As shown in the next chart, fixed mortgage rates for new borrowers have climbed sharply since bottoming in the first half of 2021:

New Australian mortgage rates

New fixed mortgage rates have soared.

After bottoming at just 1.95% in May 2021, owner-occupier fixed rate mortgages with terms below 3-years hit 2.58% in February 2020, representing an increase of 0.63%.

The rise has been sharper for fixed terms of greater than 3-years, which have risen from a low of 1.99% in February 2021 to 3.27% in February 2022, representing a rise of 1.28%.

However, new owner-occupier variable rate mortgages continued to trend lower, hitting a record low 2.5% in February 2022.

The RBA’s data on total outstanding mortgages is current to March 2021 and shows that both fixed and variable mortgage rates have risen:

Average Australian mortgage rates

Both fixed and variable mortgage rates rose in March 2022.

The 3-year average fixed mortgage rate rose from a low of 2.1% in March 2021 to 3.8% in March 2022 – an increase of 1.7%.

After bottoming at 3.45% between August 2021 and February 2022, average variable mortgage rates also rose 0.15% in March 2022 to 3.6%.

Australia’s bank economists forecast the RBA will lift the OCR by between 1.15% (CBA) and 2.15% (NAB), whereas the futures market is tipping a jumbo rise in the OCR of around 3.5%.

If the CBA’s lower forecast comes to fruition, and the RBA hikes the OCR to only 1.25%, then this would increase average mortgage repayments by 15%, or by around $400 per month on the median priced Australian home (assuming the OCR is fully passed on to mortgage holders).

However, if the futures market is correct and the RBA hikes the OCR by around 3.5%, then the median Australian mortgage repayment would soar by 48%, or by around $1280 per month:

Projected mortgage repayments

The surge in fixed mortgage rates is one of the reasons why house price momentum nationally has stalled, led by falls across the more expensive markets of Sydney and Melbourne.

Therefore, with the OCR almost certain to lift sharply from mid year, a house price correction is all but baked in. The only question is how far?

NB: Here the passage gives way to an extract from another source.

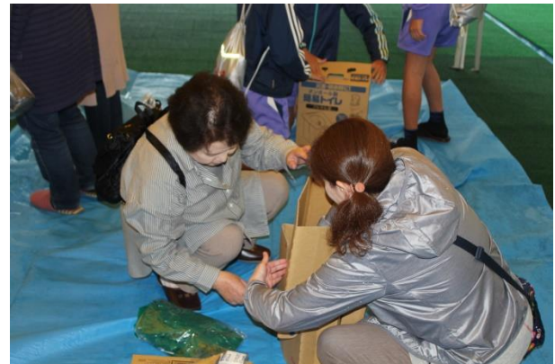
段ボール簡易トイレの組立を学ぶ保護者

If rate hikes follow the CBA’s profile, then the price correction should be moderate (circa 10% fall). At the other extreme, if the market is right on rates, then brace for a full blown price crash (i.e. greater than 25% fall).

For what it is worth, I am firmly in the CBA’s camp on interest rates for the simple fact that Australians are so indebted and sensitive to rate rises that going much higher risks crashing the market and hammering the economy.

Unconventional Economist

Comments

  1. Is anyone able to please outline how one could trade against the ridiculous market rate prediction on the asx? Bonds?

    • 30 day interbank cash rate future trade on the SFE. the notional is $3m and given how they price, the value of a single contract is $246k (april 22 contract). not sure what the margin requirements are, that will be limiting factor, unless you’re a zillionaire. there’s also limited liquidity into 2023, but if wanted to go beyond 12 months, would stick with bonds. however unless you can lever into bonds eg via 3yr bond futures, what you will make off short duration cash bonds (5/8ths of fa) renders the whole exercise pointless

    • Fundamentally you need to lend long and borrow short. Banks can profit from this pretty easily since they can lend long to home owners and decide if they wish that the markets are wrong and finance the loan book with short term money. If they are right they didn’t have to pay the higher FO rates on the market and their margin will be massive.

      Effectively think of any way you can borrow money cheaply and finance it back into this asset class with leverage. I’m not really aware how this is possible easily for a retail punter however – you don’t get the rates that institutions do typically.

    • The Grey RiderMEMBER

      What makes the market’s prediction ridiculous?…why can’t interest rates rise irrespective of the impact on the housing market?…needs must as the devil drives, as they say.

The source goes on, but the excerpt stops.